- Theatrical release poster
- Directed by: Will Howarth Tom McKeith
- Screenplay by: Will Howarth Tom McKeith Talia Zucker
- Produced by: Will Howarth; Lisa Shaunessy;
- Starring: Ashley Zukerman; Talia Zucker;
- Cinematography: Shelley Farthing-Dawe
- Edited by: Paul Murphy; Luca Cappelli; Will Howarth; Tom McKeith;
- Music by: Helena Czajka
- Production company: Fictious;
- Distributed by: Madman Entertainment
- Release dates: June 2024 (SFF); 27 March 2025 (Australia);
- Running time: 88 minutes
- Country: Australia
- Language: English

= In Vitro (film) =

Australian science-fiction film

In Vitro is a 2024 Australian science-fiction film. It premiered at the 71st Sydney Film Festival.

==Premise==
On a remote cattle farm, some years in the future, a husband and wife experiment with biotechnology and developing new farming methods.

==Summary==
Jack and Layla run a struggling cattle farm in a future where food is scarce, particularly meat. Their farm uses cloning technology to produce more meat as opposed to the more commonplace labgrown meat industry. In their large work shed, there is an old cloning tank, now operational, covered by a shroud, that Jack claims he's using for some tests.

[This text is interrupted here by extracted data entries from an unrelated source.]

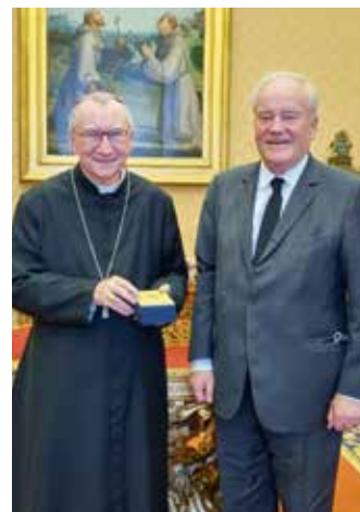
➤ En audience privée avec S.Exc. Mgr Gallagher, Secrétaire pour les Affaires extérieures, puis avec Son Éminence le Cardinal Pietro Parolin Secrétaire d'État du Pape.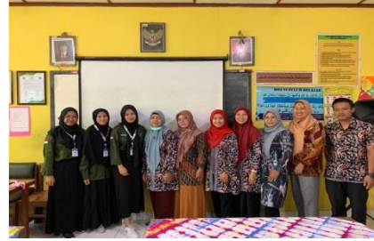
Foto Bersama Saat pemaparan program kerja yang akan dilaksanakan di SD Dahromo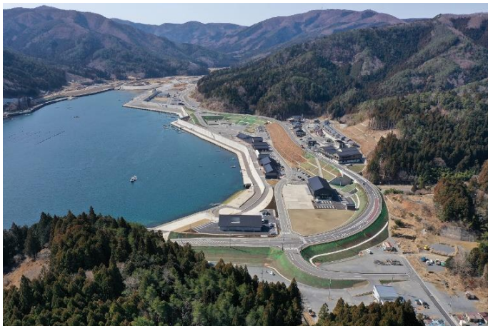
雄勝防潮堤災害復旧事業（全景）

東日本大震災で被災し、令和5年1月に工事が完成した雄勝漁港の雄勝防潮堤災害復旧事業が、令和6年6月26日に全建賞を受賞しました。全建賞は、（一社）全日本建設技術協会が、秀でた成果が得られた事業を表彰するものです。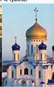
Architecture pas sobre.

Sur les routes verglacées, on double à Mach 12 Trabans et autres Ladas scotchées au pavé tout en évitant les carrioles traînées par des chevaux et les gens qui marchent sur le bas-côté. Ambiance rallye façon Paris-Dakar version enneigée... Entre deux spéciales, on s'offre une petite pause dans un marché local coupé en deux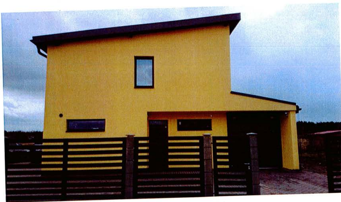
1.attēls. Skats uz dzīvojamo ēku Domenikas ielā 3 no Domenikas ielas puses.

Detālplānojuma grozījumi paredz grozīt tikai detālplānojumā noteikto būvlaidi gar Domenikas ielu zemes vienībā Domenikas ielā 3, to samazinot no plānotajiem 6 metriem līdz 5 metriem. Minētie grozījumi veikti ievērojot Ministru Kabineta 2013.gada 13.aprīļa noteikumu Nr.240 „Vispārīgie teritorijas plānošanas, izmantošanas un apbūves noteikumi” 130.2.apakšpunkta nosacījumus, kas nosaka: „ Apbūves teritorijās, starp ielas sarkano līniju un būvlaidi vietējas nozīmes ielām, piebrauktuvēm, gājēju ielām un ceļiem ievēro minimālo attālumu, kas nav mazāks kā 3 m ”, un saskaņā ar spēkā esošā Ķekavas novada Ķekavas pagasta teritorijas plānojuma 2009.-2021.gadam teritorijas izmantošanas un apbūves noteikumu 88.11.apakšpunktu, kas nosaka, ka priekšpagalma minimālais platums (būvlaide) pie vietējas nozīmes ielām ir 4 metri. Detālplānojuma grozījumos noteiktās būvlaiides ir uzrādītas ar piesaistēm (attālumiem) no zemes vienības robežām un ielu sarkanajām līnijām, kas attēlotas detālplānojuma grozījumu grafiskās daļas lapā Nr.1 „Teritorijas plānotā (atļautā) izmantošana un apgrūtinājumu plāns”. Detālplānojuma grozījumos ir precizēti esošie zemesgabala apgrūtinājumi, nosakot visas aizsargjoslas atbilstoši Aizsargjoslu likuma prasībām.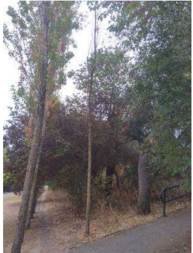
Fig. 3 - Aspeto geral do exemplar totalmente seco.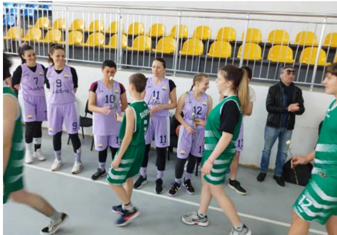
Кадетите от Добрич подаряват цвете на шабленските дами преди началото на мача.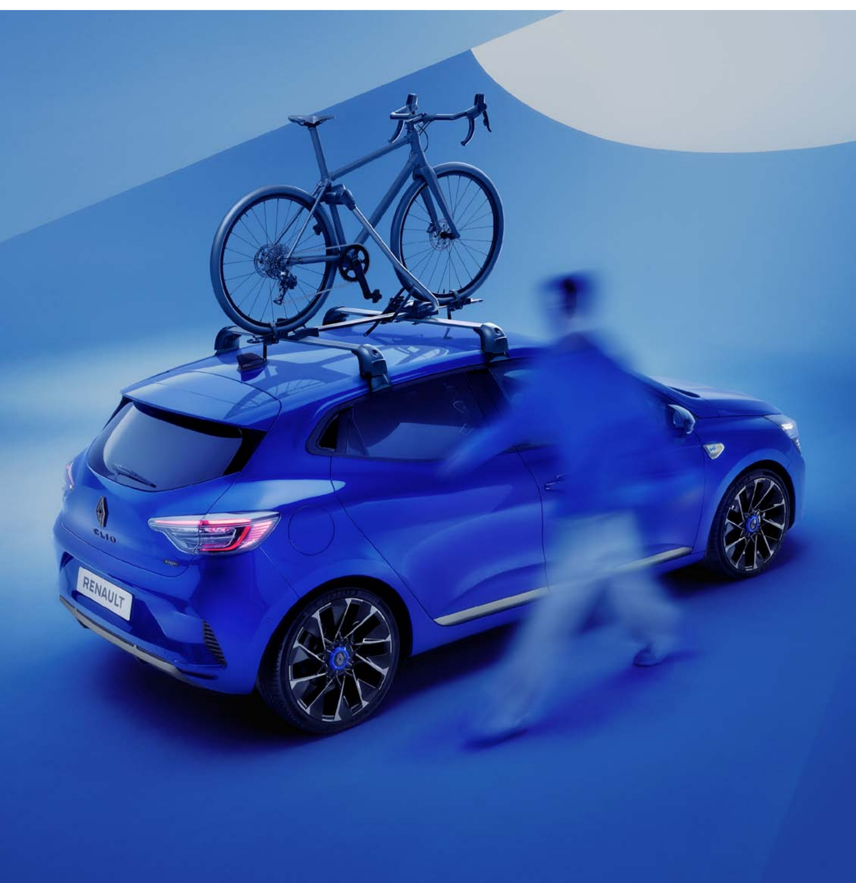
fietsendrager - quickfix aluminium dakdragers

Vervoer je fietsen met een gerust hart met het fietsenrek voor op het dak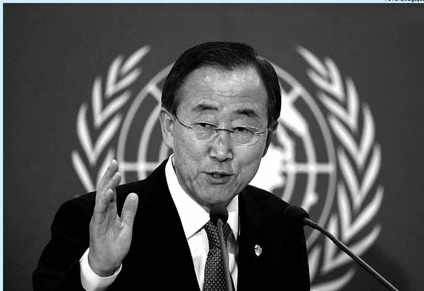
O secretário-geral da ONU, Ban Ki-moon, definiu os membros de uma comissão que vão participar de investigação no país

O restante será voltado a ações sociais, projetos de investimentos e compromissos internacionais.

The couple's home is very isolated, and storms rage every night, disrupting their internet connection. Their young son, Toby, attends a boarding school. Layla wishes to visit him, but Jack is reluctant as he needs her to help on the farm. We see flashes of memories with Toby as a young child from before he began attending school. While painting Toby's room, Layla notices that the present off-white covers a previous layer of blue paint that she didn't know was there.

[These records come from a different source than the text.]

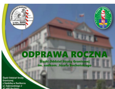
Śląski Oddział Straży Granicznej

Na zakończenie odprawy Komendant Oddziału postawił priorytetowe zadania i wytyczne na bieżący rok, pełen wyzwań związanych ze zintensyfikowanymi działaniami Straży Granicznej w obliczu konfliktu zbrojnego na terenie Ukrainy. Komendant podziękował także funkcjonariuszom za wysiłek i wkład włożony w realizację zadań służbowych w minionym roku.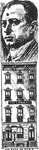
140 EAST 22 ST. N.Y.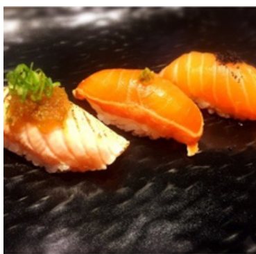
Trio Saumon 14,00 €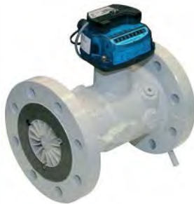
Счетчик TZ/Fluxi с универсальным

*шина M-Bus – (Metering Bus), Европейский стандарт EN1434-3, шина передачи данных применяемая в стационарных сетях для дистанционного снятия показаний со счетчиков по проводным линиям связи.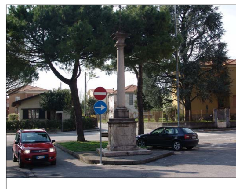
MONUMENTO DI PIAZZA PIO XII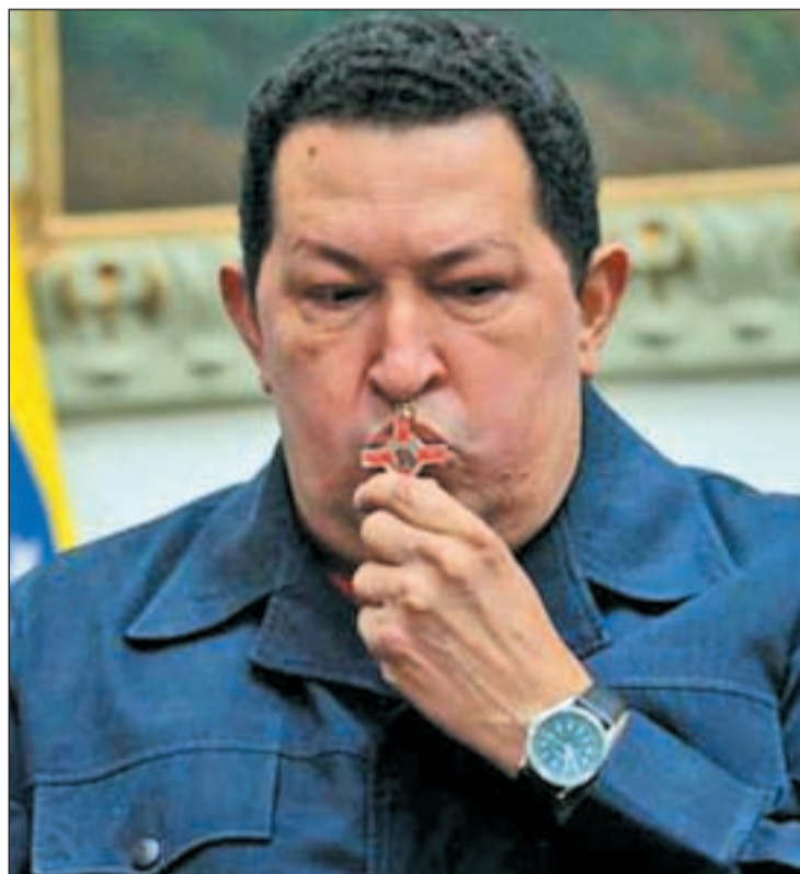
El presidente de Venezuela, Hugo Chávez

Por su parte, la oposición ha hablado en la persona del excandidato presidencial opositor y gobernador del Estado Miranda, Henrique Capriles, que tras semanas de incertidumbre rompía su silencio. En una rueda de

One night, while Jack is working in the shed, an alarm sounds. Layla goes to investigate and finds Jack on the floor with a head injury. He claims he was knocked down by a spooked cow. The next morning, Layla wakes before Jack and hears something in their kitchen. She waits for the sound to stop and enters to find all the cabinets are open. She checks outside, bringing their shotgun, and is attacked by what is revealed to be a clone of herself.

Layla's clone had assaulted Jack and was looking for painkillers in the house before fleeing and attacking Layla. She runs away and Layla sobs, panicked, before regaining composure and returning to the house where she acts like everything is normal. Later, she finds her clone in the shed and they discuss leaving with the cattle driver, Brady. However, they see Jack firing Brady via the security cameras and Brady leaves.

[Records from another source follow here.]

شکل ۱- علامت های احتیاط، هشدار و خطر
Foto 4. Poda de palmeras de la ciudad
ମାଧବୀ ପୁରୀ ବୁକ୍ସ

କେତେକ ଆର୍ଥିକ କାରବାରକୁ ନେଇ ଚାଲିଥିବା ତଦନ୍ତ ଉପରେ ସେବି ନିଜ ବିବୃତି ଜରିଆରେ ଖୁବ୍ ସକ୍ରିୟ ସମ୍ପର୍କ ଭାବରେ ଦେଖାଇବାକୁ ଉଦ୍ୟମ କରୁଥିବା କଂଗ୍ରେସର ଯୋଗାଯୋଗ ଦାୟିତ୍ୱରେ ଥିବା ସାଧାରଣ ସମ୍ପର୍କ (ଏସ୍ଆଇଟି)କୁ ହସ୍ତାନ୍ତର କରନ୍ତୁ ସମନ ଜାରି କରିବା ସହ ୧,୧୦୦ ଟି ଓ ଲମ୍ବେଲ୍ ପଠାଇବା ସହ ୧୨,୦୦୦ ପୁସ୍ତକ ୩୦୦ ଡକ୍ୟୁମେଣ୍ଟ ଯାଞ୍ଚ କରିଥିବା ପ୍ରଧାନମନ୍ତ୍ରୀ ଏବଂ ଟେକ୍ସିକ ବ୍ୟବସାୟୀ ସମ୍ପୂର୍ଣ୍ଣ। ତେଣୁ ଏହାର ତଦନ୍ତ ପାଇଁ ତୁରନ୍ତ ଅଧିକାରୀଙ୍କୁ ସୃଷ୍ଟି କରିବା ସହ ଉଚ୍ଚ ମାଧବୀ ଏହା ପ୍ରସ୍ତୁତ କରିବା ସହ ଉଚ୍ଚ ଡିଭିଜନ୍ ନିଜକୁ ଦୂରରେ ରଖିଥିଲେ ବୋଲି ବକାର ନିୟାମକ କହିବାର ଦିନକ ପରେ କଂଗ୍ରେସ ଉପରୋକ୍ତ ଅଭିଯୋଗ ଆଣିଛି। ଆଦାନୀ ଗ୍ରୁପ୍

Jack learns of Layla's knowledge of her clone and explains that she was created as a test of human cloning technology, which he was working on as another means of making money. He explains her clone was not supposed to awaken and is now dying due to typical clone illness. He tells Layla they will help the clone, but tricks her into administering a poison to kill her. Layla discovers this and once again attempts to flee with her clone, threatening Jack with their shotgun to unlock the warehouse door and let them go. They go to lock Jack in the office, but Jack distracts Layla while her clone looks for the keys and he wrestles the gun from Layla and attempts to shoot the clone. Brady enters and knocks Jack unconscious before helping the women escape. Jacks pursues them with the shotgun, firing on them as they drive away in Brady's car.

They are forced to pull over when the car breaks down due to being damaged by the bullets. They flee on foot until nightfall and try to get help, but there is no signal on Brady's phone. Brady reveals Jack hired him off the books because the farm is operating illegally.

The group of three seek shelter in a dilapidated barn on a shuttered cattle farm. Layla's clone grows sicker. Brady returns to the car with tools from the barn and begins fixing it. Cautious that Jack may be lurking nearby, he calls for him to show himself. Jack attacks Brady and kills him.

In the morning, the women are awoken by Brady's car approaching, but realise it isn't Brady because something strange is happening to Layla's wedding band, which is actually a tracking device. The women hide in the barn as Jack shouts for Layla to come out. The women manage to escape outside, but the clone vomits blood and cannot go on. She urges Layla to go to their son, Toby, and keep him safe from Jack. The clone lures Jack away from the car and to a nearby ruined building and dies.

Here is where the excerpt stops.